This recent post on the Plan Sponsor Council of America’s website states that the Department of Labor has recently requested evidence of fiduciary training as part of its audits. While there is no express ERISA requirement that fiduciaries be trained, the DoL seems to take the view that training is evidence of a fiduciary properly exercising his or her duty of prudence.  (It also happens to be one of our New Year’s Resolutions for fiduciaries too.)

The first step is deciding whom to include.  Basically, a fiduciary is (1) anyone with discretionary authority over the management or administration of an ERISA plan, (2) anyone with discretionary authority over the management or disposition of its assets, or (3) anyone who provides investment advice for a fee.  (Individuals in category (3) should have their own training already.)  Fiduciaries of the plan include the trustee, the plan administrator, the person responsible for reviewing claims or appeals, and any designated administrative committees.

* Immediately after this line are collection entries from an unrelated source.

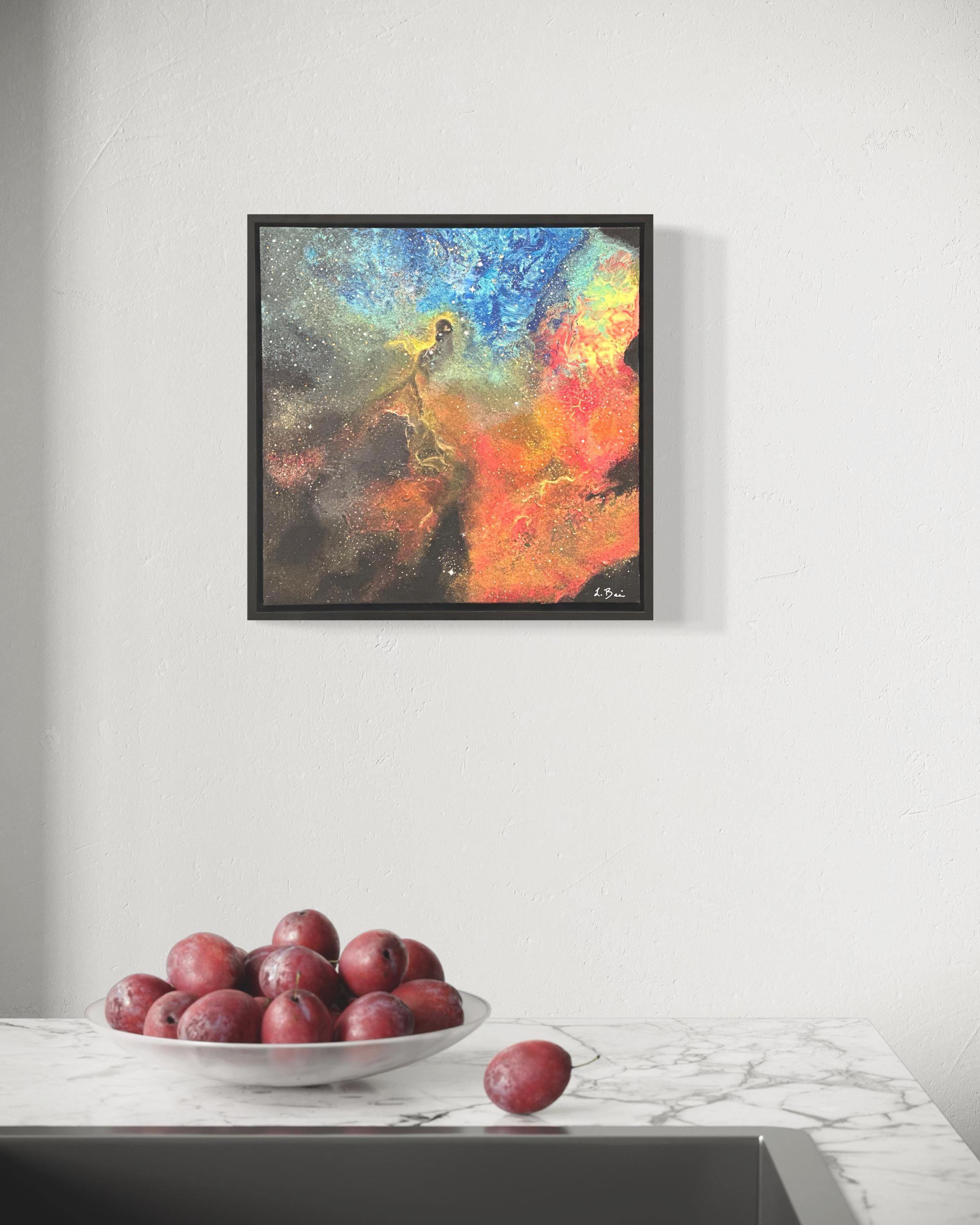 Bring the cosmos into your space with this hand-painted art print inspired by NASA and the James Webb Space Telescope. NASA's Hubble Telescope captures the enchanting IC1396, "Elephant's Trunk Nebula" a young star cluster.
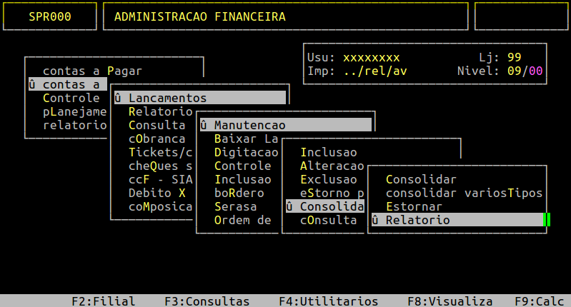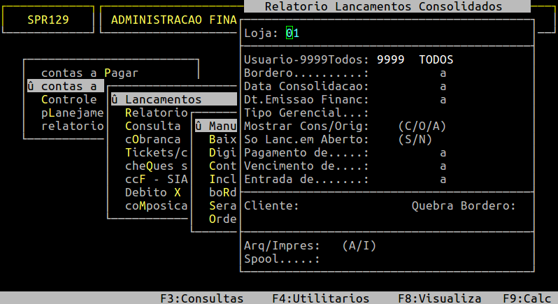 Localização: | Administracao Financeira / Contas a Receber / Lancamentos / Manutencao / Consolidacao / Relatório |
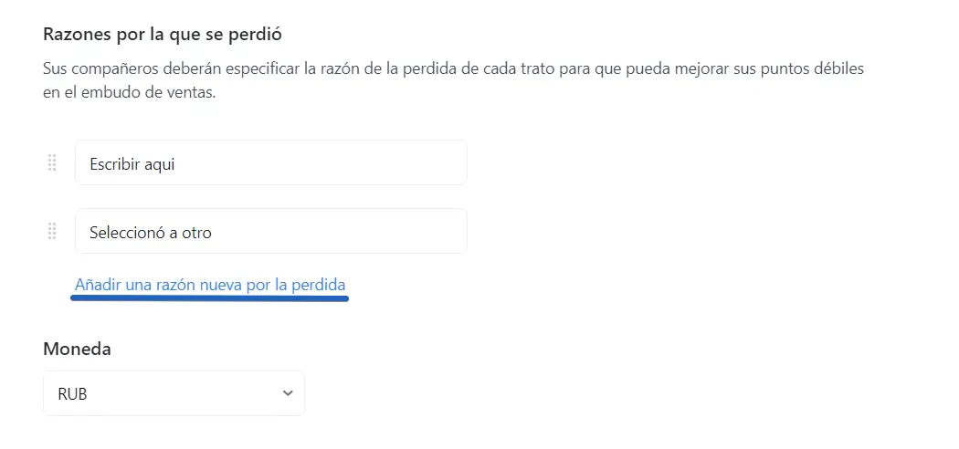 Luego puede editar las ‘Razones por las que se perdió’ — son opciones que necesita seleccionar cuando un prospecto es "perdido" en la etapa final.
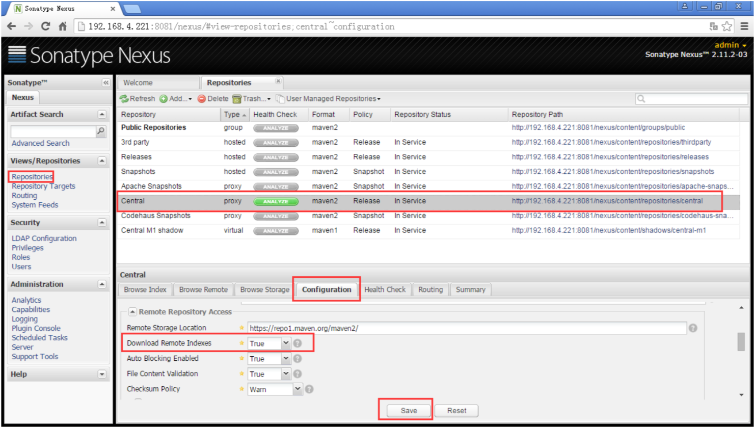 3、设置 proxy 代理仓库(Apache Snapshots/Central/Codehaus Snapshots)准许远程下载, 如:
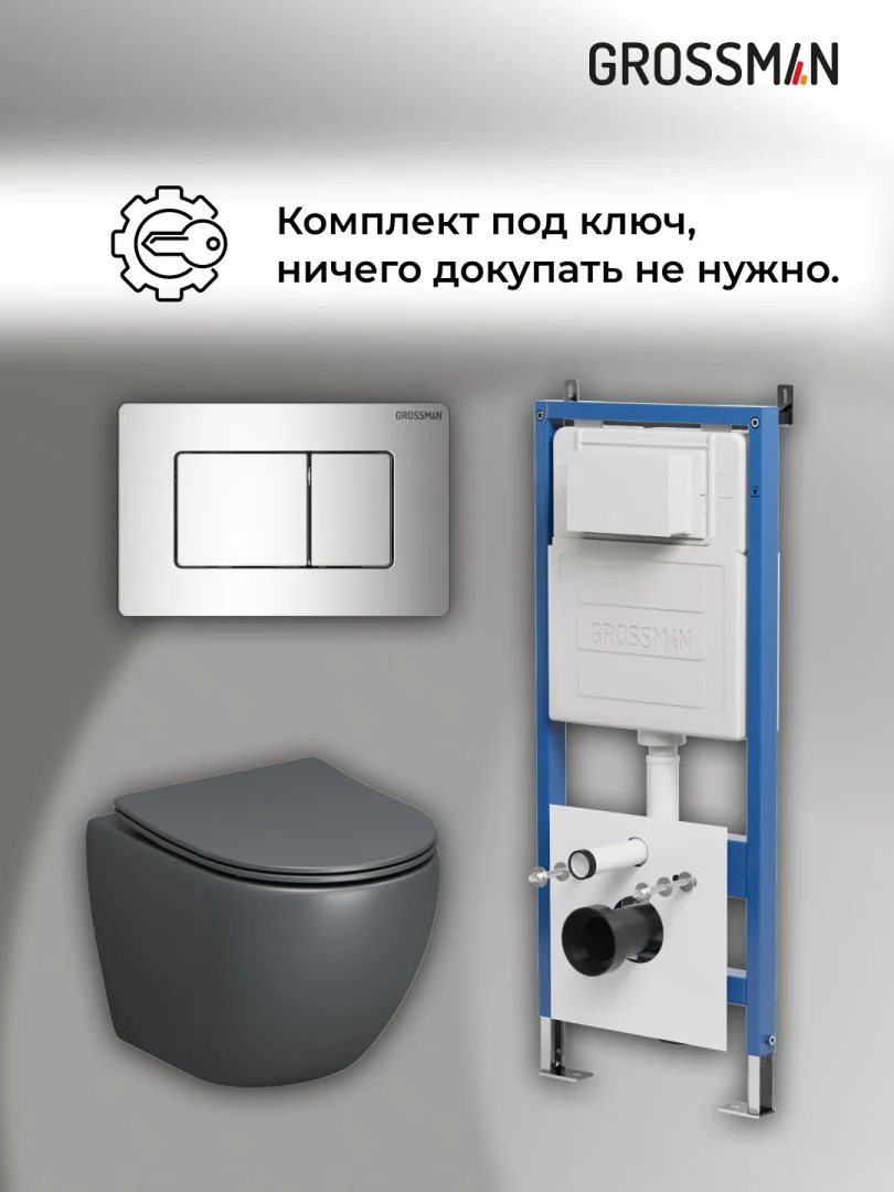 Комплект инсталляции GROSSMAN 900.K31.01.000 с клавишей смыва 700.K31.04.10M.10M хром и унитазом GROSSMAN GR-4455GMS арт.97.4455GMS.04.10M

When scheduling a training session, you should ensure that all the relevant individuals are included.  For example, if you have a plan committee that meets regularly, all of its members should be trained.  If there is a separate investment committee, those individuals should also be trained.  (If you do not have a designated plan or investment committee, you should consider one or both to help establish clearer lines on who has fiduciary responsibility and liability.)  Whether or not you have a committee (but especially if you do not), you should identify which individuals have responsibility for the plan administration and have them trained as well.

In addition, you should consider whether any board of directors members or members of management who have authority to appoint fiduciaries should be trained on their limited duty of oversight of their appointees.  This will help them understand the nature of their role and responsibilities as delegating fiduciaries.

A common mistake some plan sponsors make is to assume that the third party administrator they have hired is the “plan administrator.”  In fact, that is almost always not the case.  Most TPAs specifically state in their service contracts that they are not fiduciaries, and in particular, place the ERISA title of plan administrator on the company.  The bottom line is that if you’re a plan sponsor and you don’t think anyone in your workforce is a fiduciary, you’re mistaken.

In our experience, the initial fiduciary training usually takes a couple of hours or so to make sure that all the bases are covered and there is sufficient time for questions.  Depending on the scope and types of plans involved, it may take longer.  Periodic updates can be shorter if the fiduciaries have been trained recently.

Based on the information in the PSCA post, it appears the DoL expects training to occur at least annually.  Newly hired individuals, or individuals who assume fiduciary roles for the first time, should also be trained promptly.  While annual training is probably a “platinum” best practice, for many plan sponsors, that can be difficult both in terms of scheduling and cost.  However, the key is to make sure it is done, done well, and done with some regularity to keep everyone up to date.

Have you done your fiduciary training?  If not, what are you waiting for?